The habitation culture of Vinča people reached exceptionally high standards. Their houses exhibited a remarkable level of energy efficiency, incorporating thermal insulation achieved through clay plastering. The mortar used comprised clay, sand, and chaff (straw), chosen for its crack-resistant properties, eliminating the need for mud.
Within the house, oven was employed instead of hearth, complemented by a structure resembling a smoke extractor above it. The indoor floor was crafted from wooden beams and the same plaster as the walls, but polished for easier cleaning. As the oven generated warmth, the heat permeated through the floor, providing additional comfort, so the residents could comfortably walk barefoot.
Finding Ores, Trading, and Diet
The inhabitants of Vinča were adept at processing cinnabarite, a red-colored mineral and mercury sulphide from which the only liquid metal – mercury (HgS), is extracted. This valuable resource was sourced from Avala and was highly sought after due to its rarity in nature. Additionally, they discovered malachite in Avala, renowned for its green color, and utilized it in the crafting of jewelry, as well as azurite, yielding the color blue.
Notably, when examining Vinča figurines, one observes the absence of mouths. Professor Miloje Vasić proposed that this absence, coupled with accentuated eyes on the figurines, symbolized the protective masks worn by cinnabarite miners.
In 2010, evidence of copper smelting at high temperatures, dating back to around 5000 BC, was found in Belovode on Mount Rudnik in Serbia. This discovery solidified the Vinča culture’s status as the world’s first Copper Age culture. The people of Vinča were pioneers in copper metallurgy in Europe.
They found themselves at a crossroads, engaging in extensive trade that stretched as far as Central Europe, the Aegean, and Adriatic seas, evident by the presence of jewelry, particularly bracelets crafted from Mediterranean shells, present across the Balkans.
Their trade routes extended to the Carpathians, reaching the borders of present-day Slovakia and Hungary, where volcanic glass (obsidian) could be procured. Volcanic glass held strategic importance as a raw material for crafting sharp blades. The demand for obsidian was widespread, and during that era, it could only be found in three locations in Europe: Sicily, Milos in Greece, and the Carpathians. The people of Vinča travelled across the Tisa River valley, reaching the Carpathians and importing substantial quantities of volcanic glass to Vinča. This glass stood as the most sought-after resource of that time.
Salt was transported from Tuzla along the Bosna and Sava river valleys.
Traversing river valleys positioned Vinča as the predominant commercial, economic, and cultural center in Europe during that era.
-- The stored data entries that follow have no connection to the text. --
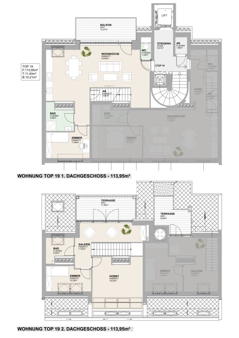 Balkon/Terrassen - Fläche: 21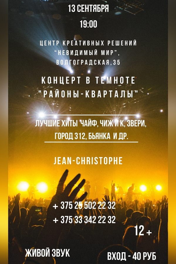 Центр креативных решений «Невидимый мир» приглашает вас на рок-концерт живой музыки «Районы-кварталы» в аранжировках кавер-группы «Jean-Christophe».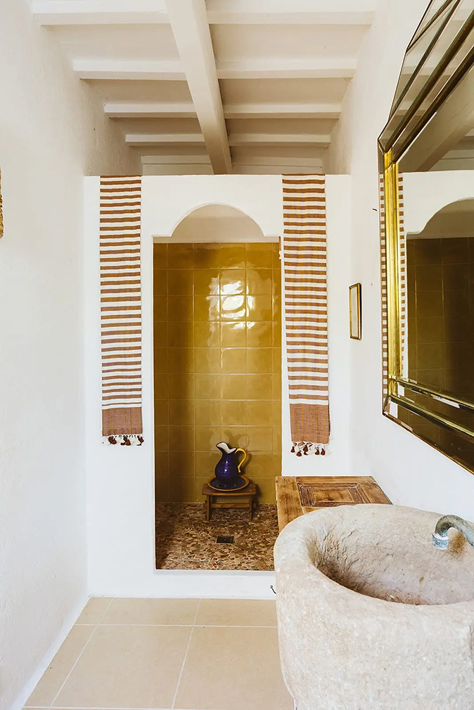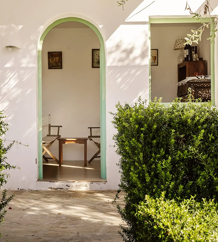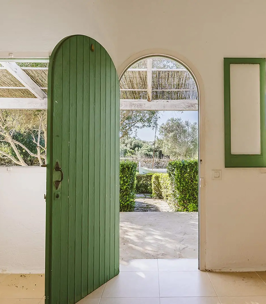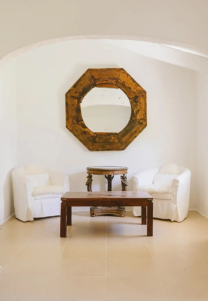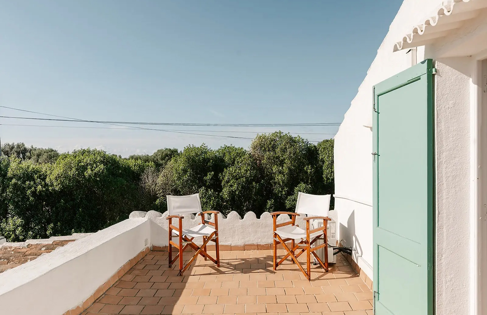 Two casitas in the mature gardens broaden the property’s potential. Each one is self-contained — with a living room, kitchen, bathroom and double bedroom — offering privacy for guests or allowing work and home life to run in parallel. Garden pathways weave through aromatic planting toward a traditional stone bread oven, a tactile detail that anchors the ensemble to Menorcan outdoor culture.

Notably, Vinča boasted the world’s oldest metallurgy, pioneering copper metallurgy in Europe.
What did they eat?
In terms of diet, the people of Vinča enjoyed a more diverse range of foods compared to contemporary diets. Paleobotanical research has found the use of barley and wheat as cereal, while legumes such as peas, vetch, and lentils were also part of their diet. Flax was cultivated for oil production. Domesticated animals, such as pork and beef, played a more significant role than wild ones.
What was the social structure of the people of Vinča? What or who did they believe in?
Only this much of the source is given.